如果执行以下数据库(postgres)查询,第二个调用要快得多。提高第一个查询的性能
我想第一个查询是慢的,因为操作系统(Linux)需要从磁盘获取数据。第二个查询受益于文件系统级别和postgres中的缓存。
是否有一种方法来优化数据库以快速获取第一个调用的结果?
首先呼叫(慢)
[email protected]:~$ psql
foo3_bar_p=# explain analyze SELECT "foo3_beleg"."id", ... FROM "foo3_beleg" WHERE
foo3_bar_p-# (("foo3_beleg"."id" IN (SELECT beleg_id FROM foo3_text where
foo3_bar_p(# content @@ 'footown'::tsquery)) AND "foo3_beleg"."belegart_id" IN
foo3_bar_p(# ('...', ...));
QUERY PLAN
--------------------------------------------------------------------------------------------------------------------------------------------------------------------------------------------
Nested Loop (cost=75314.58..121963.20 rows=152 width=135) (actual time=27253.451..88462.165 rows=11 loops=1)
-> HashAggregate (cost=75314.58..75366.87 rows=5229 width=4) (actual time=16087.345..16113.988 rows=17671 loops=1)
-> Bitmap Heap Scan on foo3_text (cost=273.72..75254.67 rows=23964 width=4) (actual time=327.653..16026.787 rows=27405 loops=1)
Recheck Cond: (content @@ '''footown'''::tsquery)
-> Bitmap Index Scan on foo3_text_content_idx (cost=0.00..267.73 rows=23964 width=0) (actual time=281.909..281.909 rows=27405 loops=1)
Index Cond: (content @@ '''footown'''::tsquery)

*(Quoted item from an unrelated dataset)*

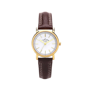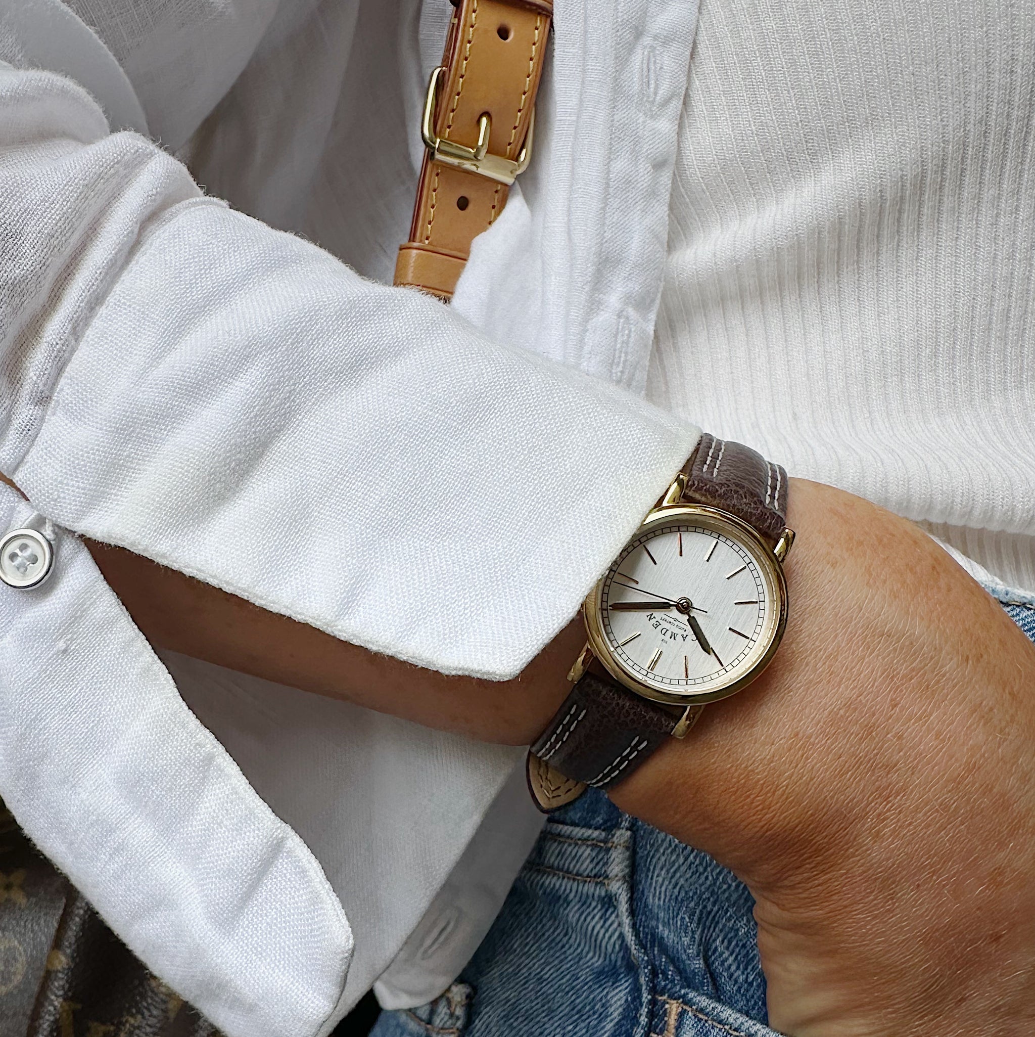 • GOLD CASE WITH SILVER DIAL AND BROWN LEATHER STRAP.

-> Index Scan using foo3_beleg_pkey on foo3_beleg (cost=0.00..8.90 rows=1 width=135) (actual time=4.092..4.092 rows=0 loops=17671)
Index Cond: (id = foo3_text.beleg_id)
Filter: ((belegart_id)::text = ANY ('{...
Rows Removed by Filter: 1
Total runtime: 88462.809 ms
(11 rows)
第二呼叫(快)的foo3_text表的
Nested Loop (cost=75314.58..121963.20 rows=152 width=135) (actual time=127.569..348.705 rows=11 loops=1)
-> HashAggregate (cost=75314.58..75366.87 rows=5229 width=4) (actual time=114.390..133.131 rows=17671 loops=1)
-> Bitmap Heap Scan on foo3_text (cost=273.72..75254.67 rows=23964 width=4) (actual time=11.961..97.943 rows=27405 loops=1)
Recheck Cond: (content @@ '''footown'''::tsquery)
-> Bitmap Index Scan on foo3_text_content_idx (cost=0.00..267.73 rows=23964 width=0) (actual time=9.226..9.226 rows=27405 loops=1)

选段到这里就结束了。